• **Task instructions**
Isolate every line in the records below with "station" in it.

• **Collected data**
----------
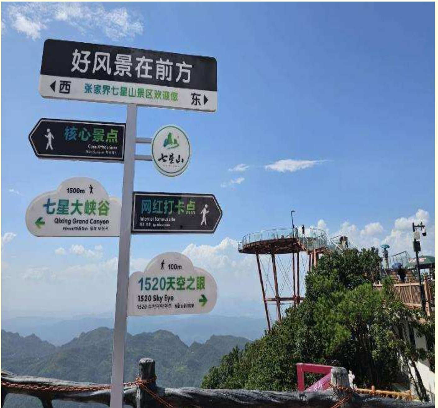
ระดับน้ำทะเล 1,528 เมตร บนยอดเขามียอดเขาสูงกว่า 7 ยอด

นำท่านสู่ ภูเขาเจ็ดดาว (รวมกระเช้าขึ้น-ลง) เป็นที่เที่ยวใหม่จางเจียเจีย เป็นกลุ่มยอดเขาสูงทอดยาวข้ามแม่น้ำหลี่สือรวากับกำแพงกันหินหมู่เขา บริเวณจุดชมวิวของภูเขาเจ็ดดาวจะสามารถมองเห็นยอดเขาที่ยืนเหนือนานได้ภูเขาล้อมรอบด้วยหน้าผา มีความสูงเฉลี่ย 1,400 เมตร และยอดเขาที่สูงที่สุดอยู่สูงจาก
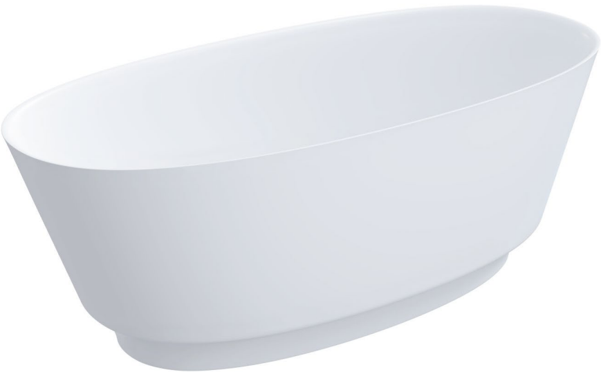
Wanna wolnostojąca, 158 x 72 cm
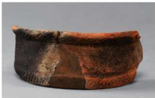
4 F-5出土土器 (第22图19)
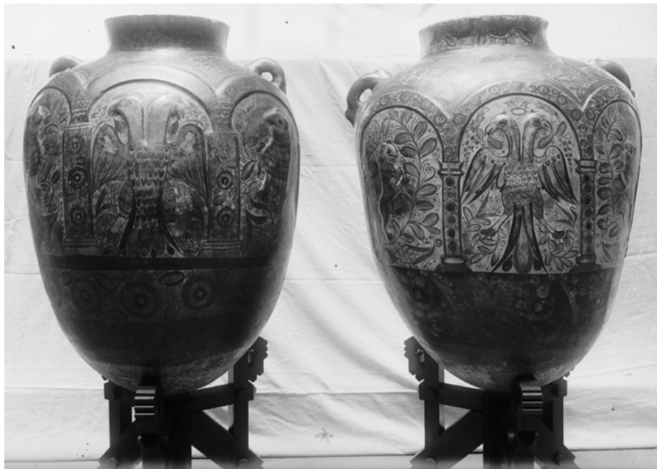
Figura 5. Gerres mexicanes d'època colonial adquirides a l'establiment F. Vidal per Joaquim de Càrcer. Museu Etnològic i de les Cultures del Món.

en què, com hem vist, va ser investit cavaller de l'hàbit de l'Orde de Santiago. (fig. 5) El noble va pagar per elles 1.500 pessetes. 31 Aquesta circumstància ens confirma l'atracció que sens dubte exercien les antiguitats en l'aristòcrata, especialment els objectes de ceràmica.
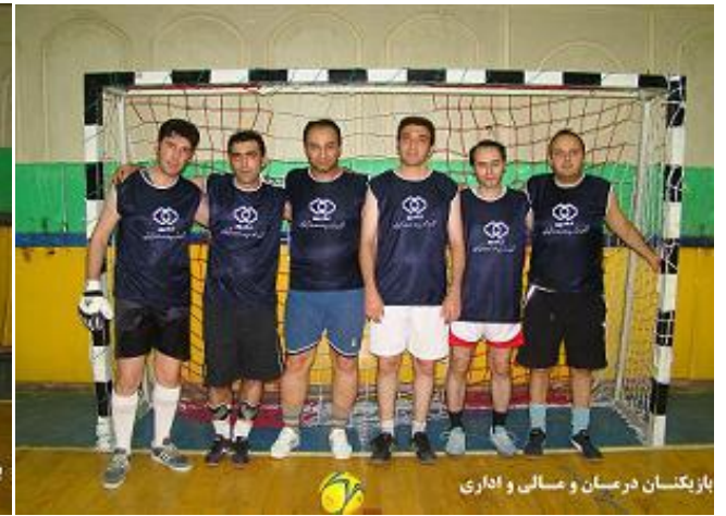
بازیکنان درمان و مالی اداری
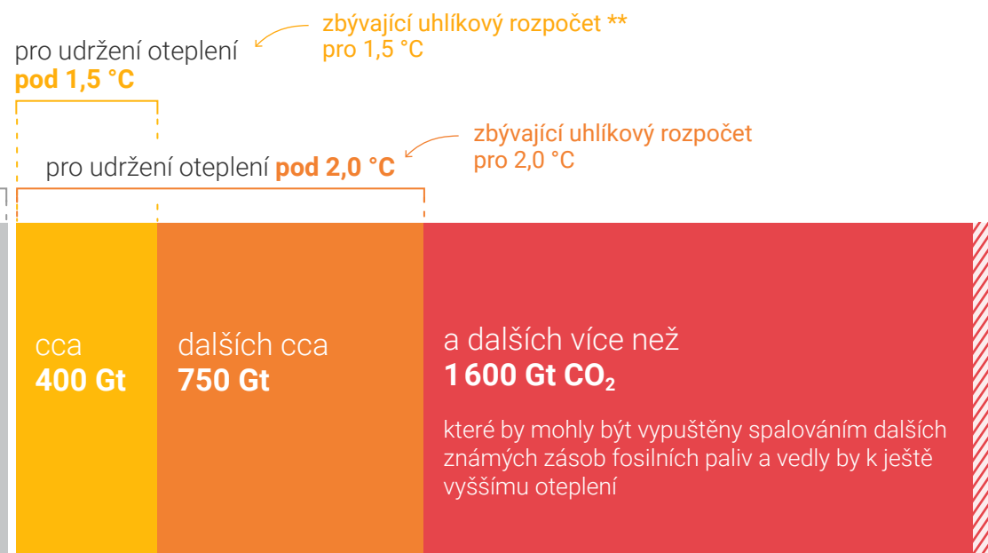
Globální emise CO 2 z dalšího spalování fosilních paliv
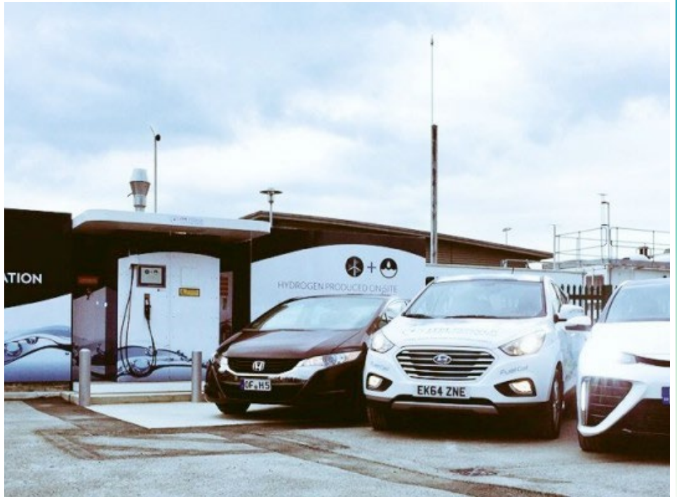
■ La station d'ITM Power

La station propose actuellement uniquement de l'hydrogène gazeux à 350 bars, mais devrait profiter d'une mise à jour afin de pouvoir fournir de l'hydrogène à 700 bars dès le début de l'année 2016.
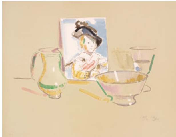
Il principe Baltasar Carlos
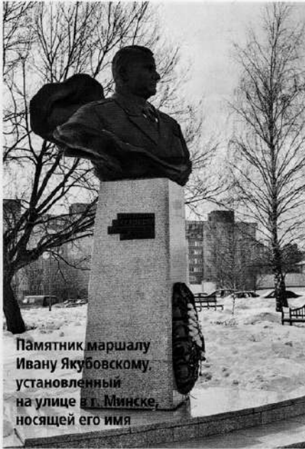
Памятник маршалу Ивану Якубовскому, установленный на улице в г. Минске, носящей его имя

мия, преодолев узкий «колтувский коридор», устремилась на Львов.
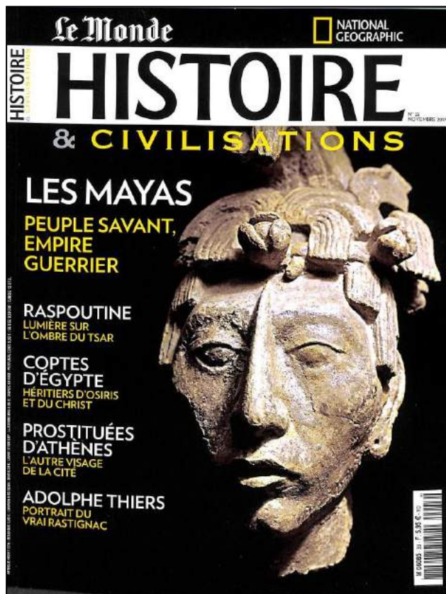
Histoire et Civilisations n° 33, octobre 2017
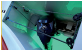
L'annexe s'encastre littéralement sous la nacelle. Finis les 500 kg qui se baladent à l'arrière sur des bossoirs...

vrai confort en navigation... Le propriétaire de l'Alibi 54 a voulu un design moderne, pour un intérieur confortable et tout à fait dans l'air du temps. Mais le chantier insiste vraiment sur
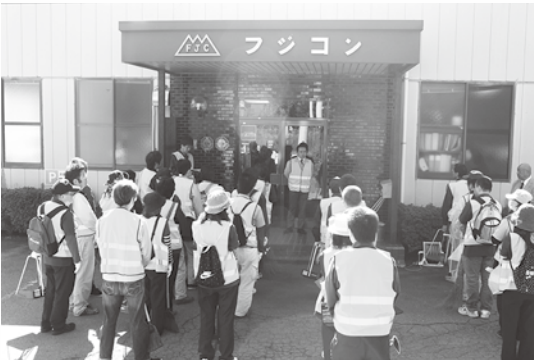
フジコン(株) 下暮地内・三つ峠駅周辺の清掃事業
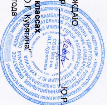
График проведения оценочных процедур в 5,6,7,8,9 классах МБОУ "Камбарская СОШ № 3 им. Героя РФ Ю.Г. Курягина" на 4 четверть 2023-2024 учебного года
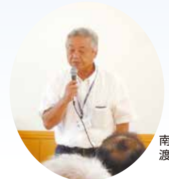
南区 渡辺 稔 区長
----------
• **Solution to the problem**
■ La station d'ITM Power
La station propose actuellement uniquement de l'hydrogène gazeux à 350 bars, mais devrait profiter d'une mise à jour afin de pouvoir fournir de l'hydrogène à 700 bars dès le début de l'année 2016.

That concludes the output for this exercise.